### Data for the task

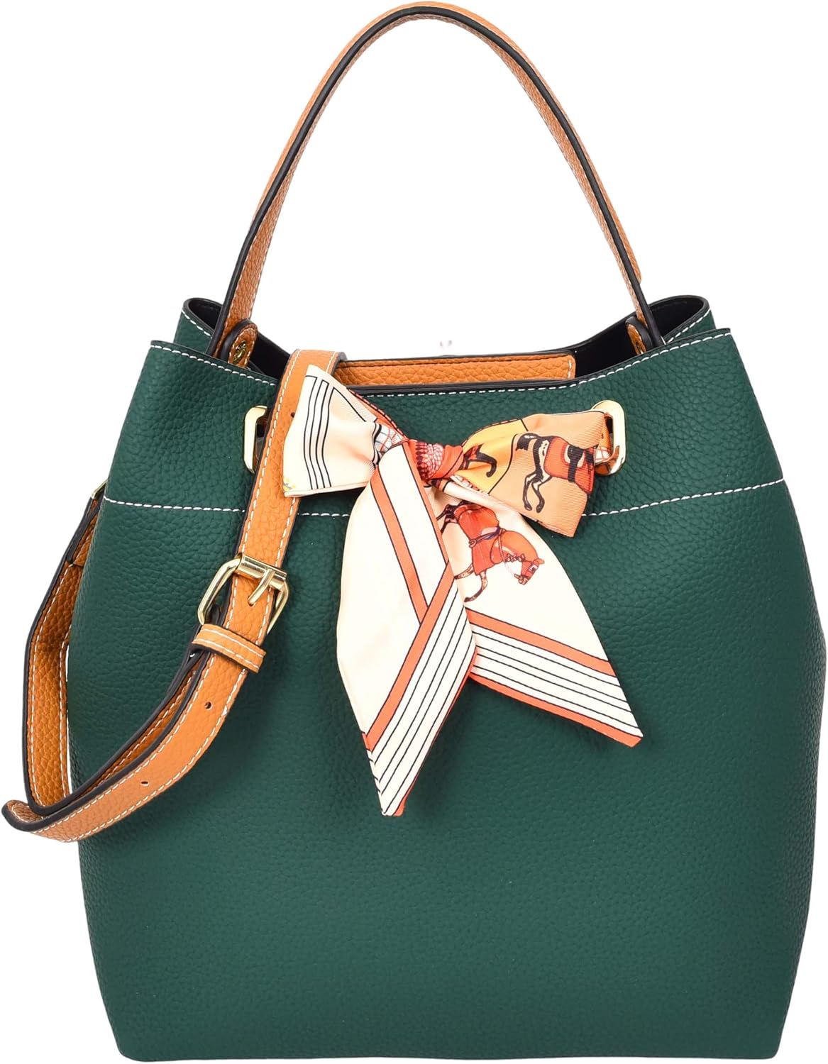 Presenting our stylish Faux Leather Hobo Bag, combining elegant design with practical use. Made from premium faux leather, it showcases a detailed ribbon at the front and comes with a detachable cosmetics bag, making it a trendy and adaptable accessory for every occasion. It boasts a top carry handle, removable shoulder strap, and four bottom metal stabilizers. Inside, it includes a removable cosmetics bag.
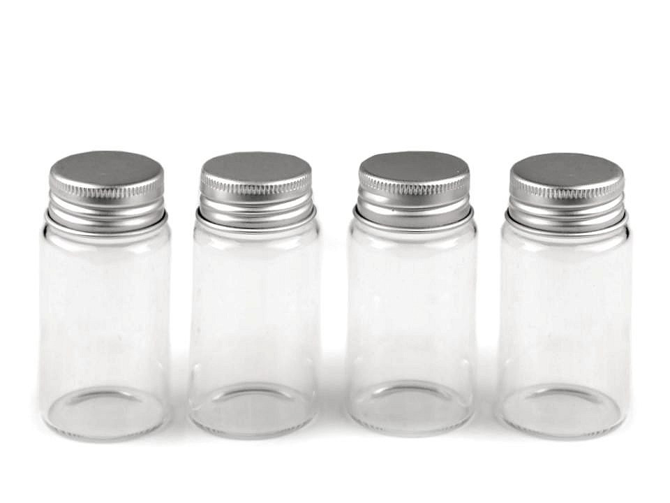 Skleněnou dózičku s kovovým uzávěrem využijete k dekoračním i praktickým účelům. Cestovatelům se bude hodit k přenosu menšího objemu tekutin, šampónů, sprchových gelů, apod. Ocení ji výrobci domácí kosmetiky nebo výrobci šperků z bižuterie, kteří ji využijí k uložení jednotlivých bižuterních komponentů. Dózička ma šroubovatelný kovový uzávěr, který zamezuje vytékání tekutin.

* * *

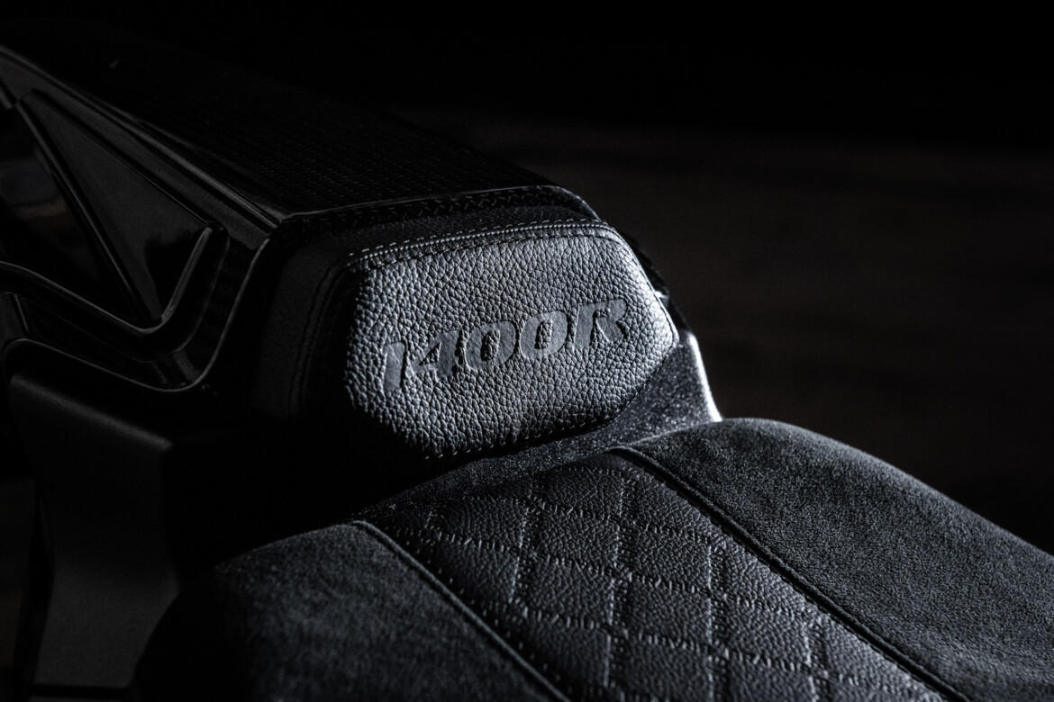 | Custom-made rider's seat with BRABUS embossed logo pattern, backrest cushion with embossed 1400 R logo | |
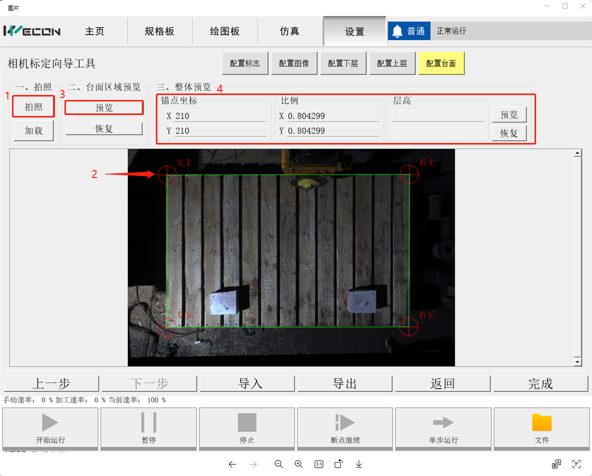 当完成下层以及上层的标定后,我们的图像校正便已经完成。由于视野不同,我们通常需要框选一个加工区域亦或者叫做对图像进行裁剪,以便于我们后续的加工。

### Exercise
Within the listing above, extract exactly the lines that run from the one containing "1400 R logo | |" through the one containing "当完成下层以及上层的标定后,我们的图像校", excluding any pictures.

### Final answer
 | Custom-made rider's seat with BRABUS embossed logo pattern, backrest cushion with embossed 1400 R logo | |
 当完成下层以及上层的标定后,我们的图像校正便已经完成。由于视野不同,我们通常需要框选一个加工区域亦或者叫做对图像进行裁剪,以便于我们后续的加工。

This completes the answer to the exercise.